I’ve had obsessive-compulsive disorder (OCD) since I was a child, and I like to think I’ve got a pretty good handle on it after years of careful management.
Many people think that OCD is just a lot of handwashing and being pedantic about how you arrange the pens on your desk.
These can certainly be factors, but for me it boils down to something more simple – wanting to make sure bad things don’t happen, and feeling responsible for stopping them.
Mental health is a sliding scale, everyone wants to prevent negative impacts on their lives – it’s human nature. But how far are you willing to go to do this? For someone with OCD, it can result in doing things that they believe will lessen this perceived threat – be it washing their hands until they crack and bleed, or switching a light switch on and off 30 times. It might make sense to you or it might seem like a rationale they’ve plucked from thin air.
As a child, I would worry about leaving taps on. There was no reason for this, our family home had never flooded, nor can I remember us ever even having a leaky faucet – but I would get up countless times in the night to make sure it was off, doubting I had done it right in the previous checks.
These worries changed and adapted as I grew up, and I’m generally quite good at knowing when something is making me irrationally anxious and dealing with it. In fact, in some ways it’s made me a more thorough, if irritatingly pedantic, reporter – although sometimes lying awake at night worrying about a small detail in a story can be painful (to be absolutely clear, I am still more than capable of making many, many mistakes).

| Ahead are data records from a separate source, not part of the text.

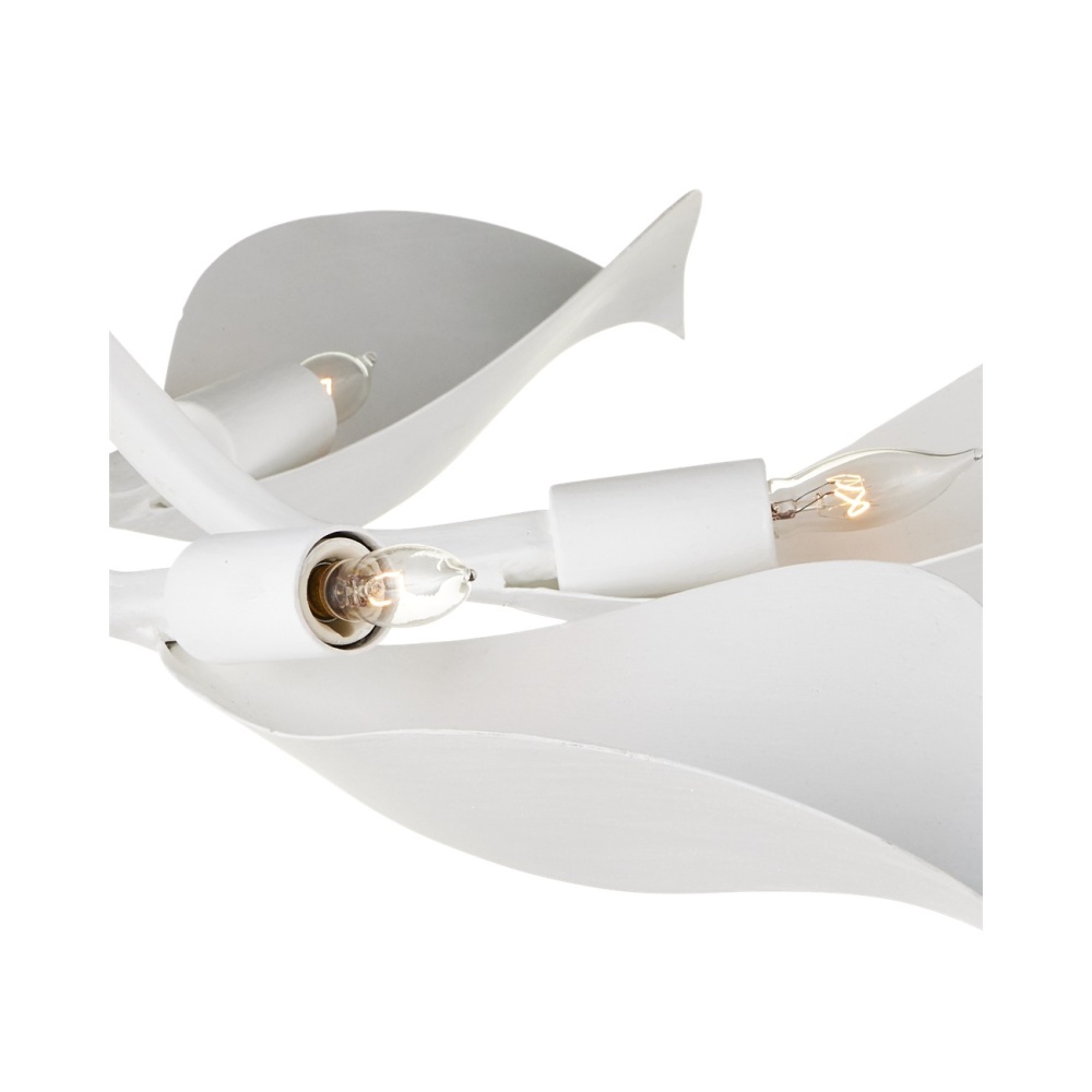 The big, beautiful blossoms of the Snowflower Semi-Flush Mount and the frame they flow from are made of wrought iron in a gesso white finish. Nodding toward the ceiling, the slightly folding petals direct the light upward. The crisp color of the finish will enhance the coolness of the illumination to create more brightness. The white semi-flush with its wild botanical personality will reflect any number of design styles with grace.
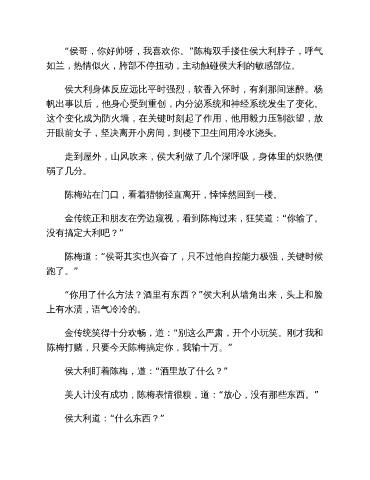 侯大利身体反应远比平时强烈,软香入怀时,有刹那间迷醉。杨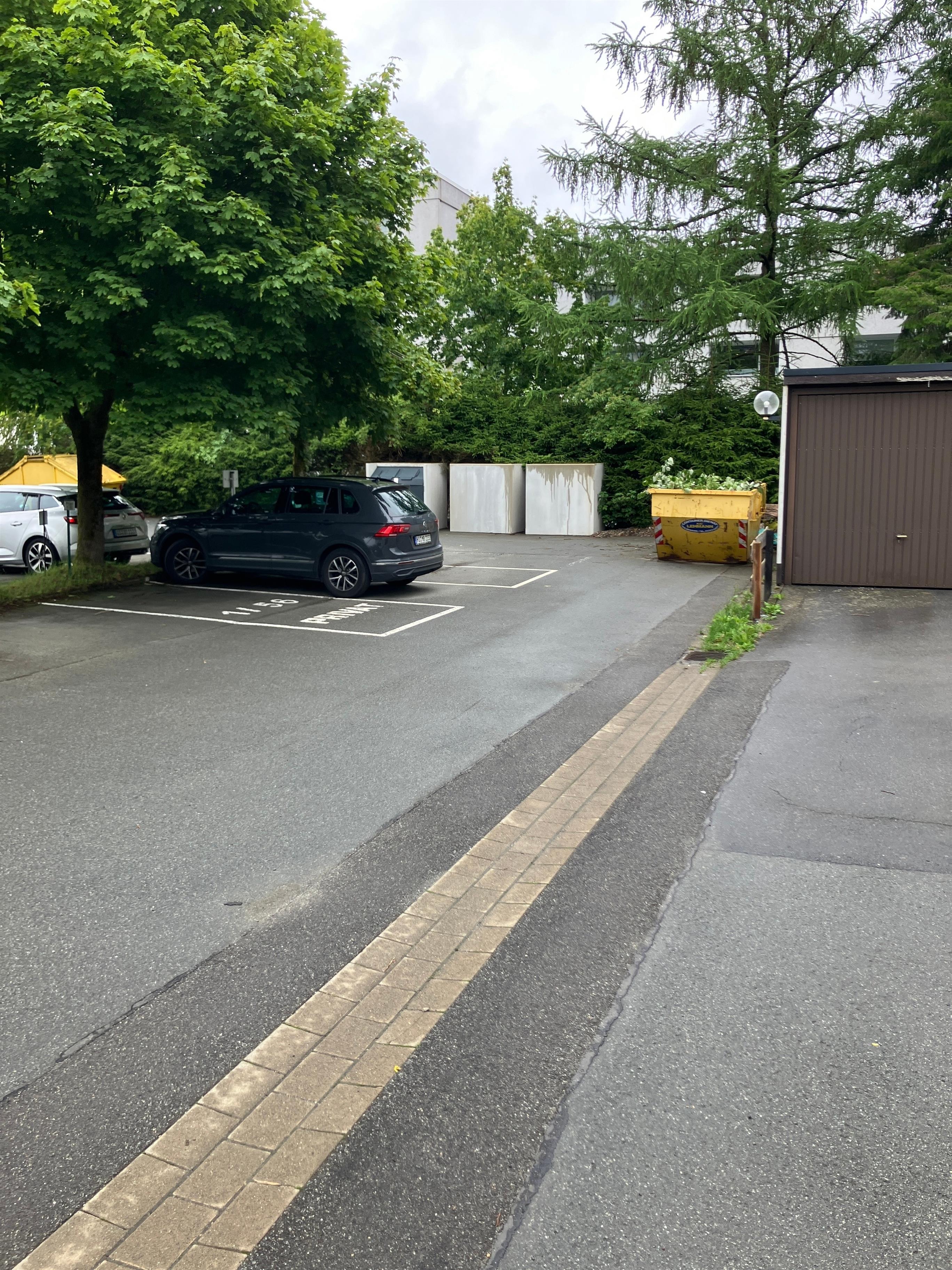 Ein fester Parkplatz gehört nicht zu der Wohnung, es gibt jedoch genügend Parkmöglichkeiten auf dem Gelände und an der Strasse.

Then along came COVID-19, and suddenly everyone was thinking in a similar way to me. Contamination fears were rife, the public were washing down their groceries in the bath – it felt strange to have people on my wavelength.
But this situation was effectively my kryptonite. I’m 24 and healthy, I’m not even vaguely worried about becoming seriously ill with covid; I know my chances are good. But suddenly the life of everyone’s granny and grandad seemed to be in my hands – get the guidance wrong while being an asymptomatic carrier, and it felt like it’d be my fault they became very sick, or even died.
Now, rationally, I know that you can do your best – you can follow the rules as far as possible, but the chances are that at some point in the past few months you’ve looked up and realised someone has edged (accidentally) too close to you in the supermarket. That is life, we have to accept that these strange processes will not always work perfectly.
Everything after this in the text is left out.